We divide the analysis in three parts. First, we demonstrate that the expenditure-corruption relation—through the channel of the RoL—is not necessarily negative, and neither linear. For this, we perform counterfactual simulations in which we alter the government’s propensity to spend in the RoL during the sampling period. Second, we analyze the joint effects from total and relative budgetary increments to explain why within country variations in the RoL (or in government expenditure) can produce unexpected outcomes in the correlation between corruption and the RoL as those presented in Fig. 2. Third, we explore, through counterfactual simulations, what indicators could act as complements or bottlenecks to the RoL in curbing corruption.

Our measure of corruption consists of the total amount of embezzled resources, as a fraction of the total budget. That is, for a single simulation m, we quantify corruption as

$$\begin{aligned} D_m = \frac{1}{{\mathbf {B}}}\sum _i^n \sum _t^T (P_{i,t,m}-C_{i,t,m}). \end{aligned}$$

We perform M independent Monte Carlo simulations to obtain the expected level of aggregate corruption across multiple realizations of the model according to

$$\begin{aligned} {\bar{D}} = \frac{1}{M}\sum _m^M D_m. \end{aligned}$$

While \({\bar{D}}\) offers a measure of corruption produced by the model in terms of an empirical budget, it should not be interpreted as a precise quantitative estimate of the actual amount of embezzled resources in a country. Instead, it should be interpreted in a qualitative fashion in so far as it describes non-linear relationships between expenditure and corruption. We cannot provide point estimates of corruption because the factual probability of spotting an embezzlement is not necessarily equal to the one described in Eq. 3, while expression 6 does not necessarily describe the true cost of a penalty when public servants misbehave. Instead, \({\bar{D}}\) provides a relative metric that is consistent with an empirical index on the perception of corruption, as shown by Fig. 3b.
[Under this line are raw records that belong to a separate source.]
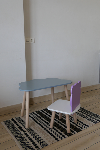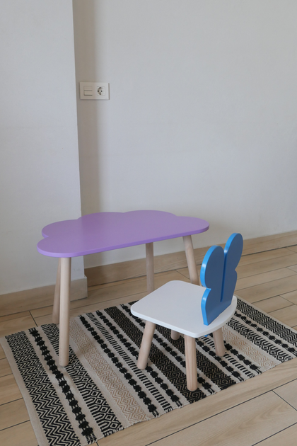 Комплект стіл та стілець дитячий ChildWood - Set Стіл бузковий хмаринка + стілець білий блакитний Метелик (Фанера)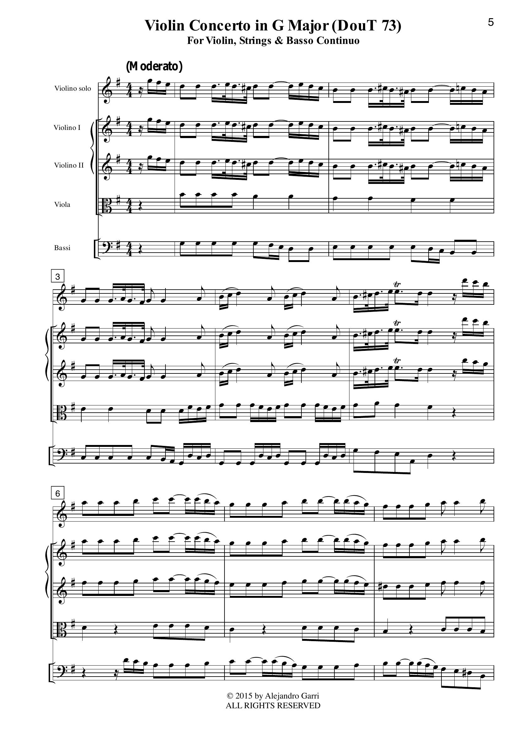 Tartini, Giuseppe (1692 – 1770) Violin Concerto in G Major (DouT 73), for Violin Solo, Strings & Basso Continuo (full score & 5 parts)
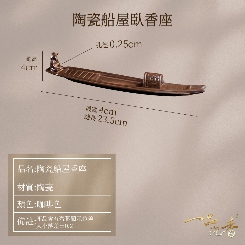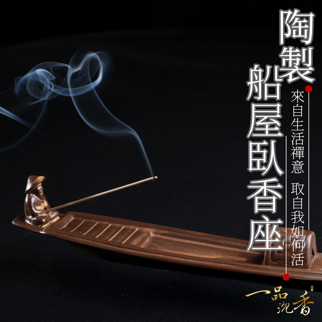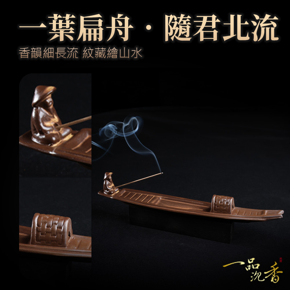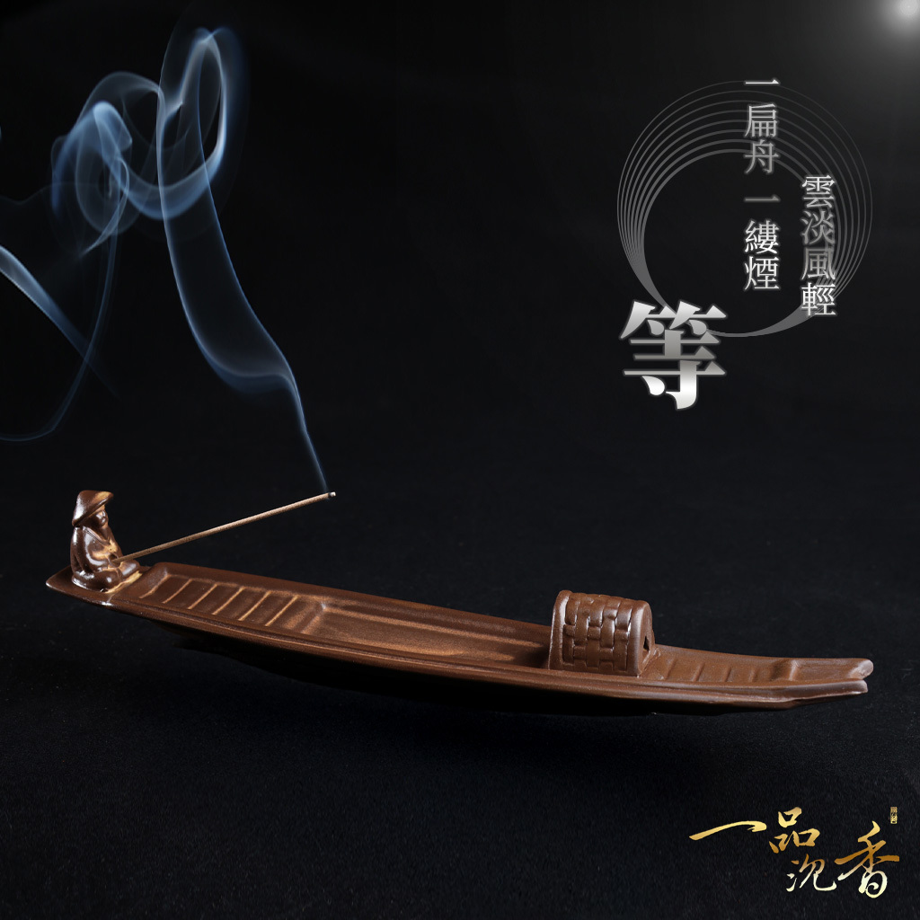 陶製船屋臥香座造型趣味雅致,質地細膩溫潤,可安放臥香平穩燃燒,香煙緩緩飄散,如小船輕蕩水面,兼具實用與裝飾性,為品香空間增添靜謐與雅趣。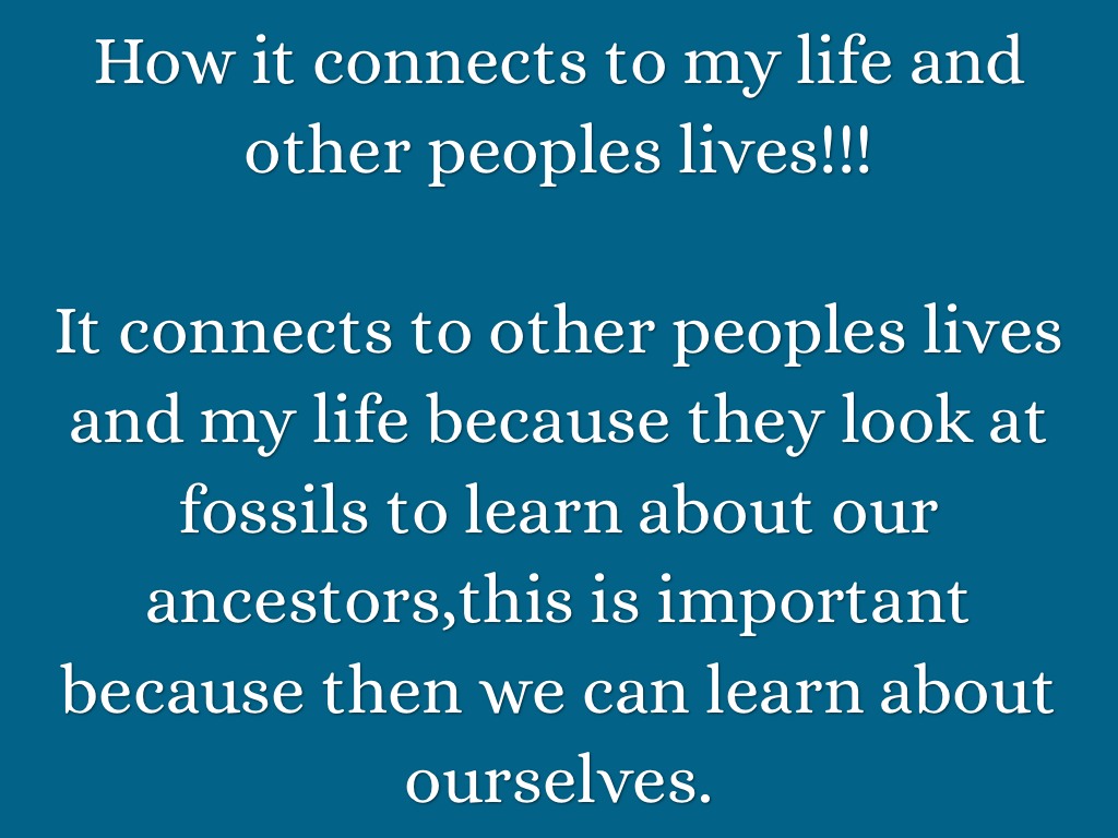 It connects to other peoples lives and my life because they look at fossils to learn about our ancestors,this is important because then we can learn about ourselves.

5.1 Non-linear responses to expenditure in the rule of law

One of the advantages of using computational models is that we can study the consequences of certain policy interventions without assuming that key endogenous variables do not change (i.e., that the ceteris paribus assumption holds). Accordingly, the whole set of development indicators keeps evolving in the model, as in the real world, despite that a certain intervention was designed to affect only a reduced subset of indicators. Thus, we perform two types of simulation counterfactuals: (i) one where we increase the total budget \({\mathbf {B}}\), and (ii) one in which we maintain the original budget, but induce a higher expenditure proportion towards the RoL.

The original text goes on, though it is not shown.